И все же одно ее услышанное имя, одна только мысль общения с ней, желание жить вместе заставляли его трепетать. Он представил, как рядом с ним лежит любимая женщина. Он обнимает ее, горячую, гладкую и что-то шепчет ей на ухо, губами ласкает горячую шею, жаркие, распущенные волосы, ароматные, словно шафран. Он ей повторяет, что завтра, послезавтра, через год, всю жизнь будет то же, но гораздо слаще, горячее, нежнее. И он не представляет свою жизнь без нее, но вместе с тем он не хочет причинять страдания больной жене, что ему стыдно за ту клятву, которую он в сердцах дал Айханум и за то, что собирается нарушить ее. Но он больше не может жить без возлюбленной, ему без нее очень плохо; за пределами ее отсутствия он видит только тьму. И он рад случаю, который дал возможность нарушить данную жене клятву.

Хасан закрыл глаза, как наяву увидел, что из глубины зеленого омута на него пристально смотрят синие, как небо, продолговатые глаза Шах-Зады. Казалось, это не ее глаза, а глаза жительницы с далекой планеты. И во всем облике этой женщины, в ее черной одежде тоже было нечто инопланетное, магическое. Глаза были полны дикой жизни, огня и пылкой страсти.

В годы разлуки с любимой, ему казалось, что он свою жизнь прожил, за гранью этой жизни нет другой жизни, тем более наполненную мирскими радостями. Он познал все тяготы жизни: потерю близких людей, унижение, любовь, наслаждение, грех, очищение. И тогда он решил себя посвятить мечети, больной жене. И вдруг земная жизнь предстала перед ним по-новому – в облике прекрасной женщины. И он принял ее как вечную жизнь. Любить, быть любимым – разве не это божье царство на земле? Он осознавал, что не владеет собой и обманывается, все время обманывается.

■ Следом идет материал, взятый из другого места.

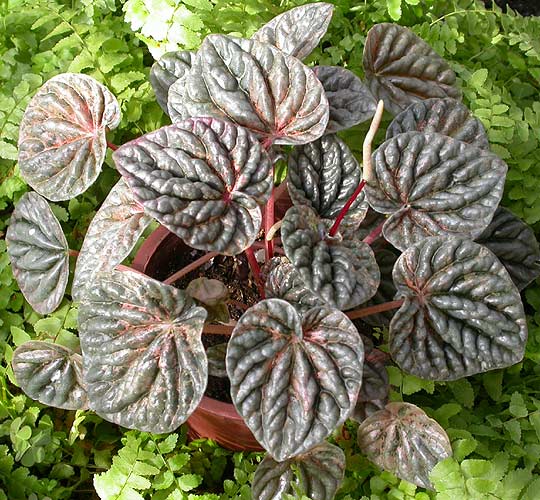 Название рода происходит от греческих слов, означающих «перец» и «подобный» («одинаковый»), т.е. указывает на сходство с перцем. Обширный род, охватывающий около 1000 видов многолетних, реже однолетних трав или полукустарников часто слегка суккулентного облика. Распространены в тропиках и субтропиках обоих полушарий, однако большинство видов происходит из тропических районов Америки (от Флориды и Мексики до Чили и Аргентины), где они растут в тенистых местах под пологом леса наземно — на рыхлых торфянистых почвах или на деревьях, гниющих стволах либо на скалах и каменистых россыпях. Ценят пеперомии за красивые, часто блестящие, иногда бархатисто-опушенные, ярко окрашенные листья. В комнатах выращивают 5—7 видов, из них наиболее популярны 3 вида: пеперомия серо-серебристая, сморщенная, бархатистая. Они великолепно выглядят с зелеными, пестрыми или сморщенными листьями с оригинальными колосовидными соцветиями. Пеперомия бархатистая. Родина — Эквадор. Травянистое растение с прямостоячими темно-красными, мягкоопушенными стеблями. Листья очередные, короткочерешковые (длина черешка 7—10 мм), от яйцевидно-ланцетных до почти округлых, длиной 4—б см, шириной 3—4,5 см, сверху темно-бархатисто-зеленые, снизу ярко-пурпурные, с 5—7 светло-зелеными или серебристыми жилками, голые или слегка волосистые в основании, иногда бархатисто-опушенные по всей поверхности. Колосья верхушечные или пазушные, длиной около 7 см, шириной 3 мм. Пеперомия серо-серебристая. Родина — Бразилия. Растение с сильно укороченным ветвистым стеблем, несущим многочисленные розетки листьев. Листья с длинными бледными черешками, значительно превышающими длину пластинки, округло-яйцевидные, на верхушке тупозаостренные, в основании сеодцевидные или щитовидные, длиной 4—6 см, шириной около 4 см, серосеребристые или серебристо-зеленые с металлическим блеском, с 5—7 вдавленными дуговидными жилками, придающими волнистый характер поверхности. В культуре хорошо известна также садовая форма с более темными, почти черно-зелеными, на просвет темнобурыми листьями. Пеперомия сморщенная. Родина — Бразилия. Растение, сходное по форме с предыдущим, но еще более мелкое, компактное, высотой не более 10 см. Листья сближенные наподобие розеток, длиной 2—3,5 см, шириной 1,5—3 см, яйцевидные, глубокоскладчатоморщинистые или пузырчатые с погруженными сверху и резко выделяющимися снизу жилками, темно-зеленые с шоколадно-коричневым оттенком по дну бороздок, снизу серовато-зеленые. Листовые черешки длинные, бледно-розовые, слегка ребристые, прикрепляются к пластинке на расстоянии 5 мм от края. Многочисленные снежно-белые тонкие колосья длиной до 7 см эффектно контрастируют с темными листьями. Пеперомия сморщенная — один из немногих красиво цветущих видов рода. Местоположение: от светлого до полутенистого; зимой температура воздуха и почвы должна быть выше 18°С; растения нельзя выносить на свежий воздух; виды с толстыми листьями более стойкие, чем с тонкими. Растения с зелеными листьями летом нуждаются в сильном притенении, пестролистные же формы требуют более яркого освещения. Полив: всегда ограниченный, а зимой в еще большей степени; однако высокая влажность воздуха благоприятно влияет на растения; для полива и опрыскивания (особенно это касается растений с гладкими блестящими листьями) 
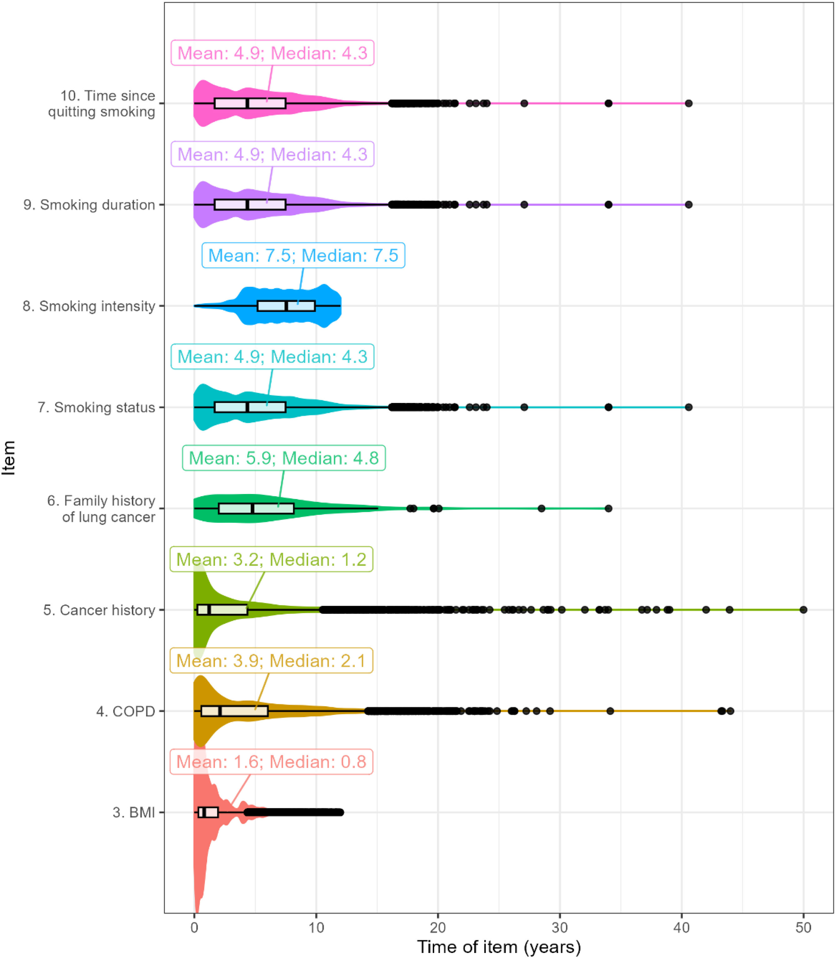 The age of the most up-to-date information available in the EHR to calculate the different items of the score was analyzed. The age ranged from 1.6 years for BMI (item 3) to 7.5 years for smoking intensity (item 8) (see Fig. 2). Notably, the items with the greatest impact on the score (items 8 and 6) had the longest time since their last update, indicating a potential gap in the timeliness of critical data.

С самого рождения его по жизни повели не туда. Ведь он родился обыкновенным человеком, подвластным людским влечениям, слабостям, а не отшельником, посвятившим свою жизнь мечети, жене-калеке. И он отчасти страдал оттого, что не мог отдаться во власть природным инстинктам. Он страдал оттого, что был полноценным мужчиной, и ему нужна была любимая и любящая женщина, нужны мирские наслаждения, горечь любви и поражения. И всякие барьеры, запреты лишь еще больше усиливали его неутоленные желания…

* * *

Жена не открыла глаза, когда он вошел. Лицо ее пылало. Что с ней? Лихорадка? Нет, на губах пена. Рядом с ней на постели лежит пустая склянка. Поднял, прочел надпись на этикетке: «Цианистый калий». Руки задрожали, склянка выпала под ноги. Он положил ладонь на ее лоб – лоб был холодный. «Неужели?!» – в глазах померк свет. Намочил полотенце, им вытер ее губы. «Может, жива?!..» – не верил он своим глазам. Откинул одеяло. Живот страшно раздулся, на нем вспухли черные волдыри. Такие волдыри выскочили и ниже сосцов. Он поспешно истолок лекарство, его в стакане размешал с охлажденной кипяченой водой, ручкой деревянной ложки раскрыл ее рот и влил лекарство. Лекарство вытекало обратно. «Что делать? – думал он, вышагивая по комнате. – Что делать? Я убил ее! Я ненавижу себя! В глубине моего существа, в самой основе моей души, иногда для меня вполне неосознанной, таится и скрыто действует сила первородного греха – сила темная, безумная и беспредельная. Эта сила отдаляет меня от всего духовного, замыкая в греховный мир, делая жестоким. Она, я знаю, является бесовской силой, началом моего духовного вырождения. Эта бесовская сила отрывает меня от всяких нитей, связующих с Земным и Небесным мирами…»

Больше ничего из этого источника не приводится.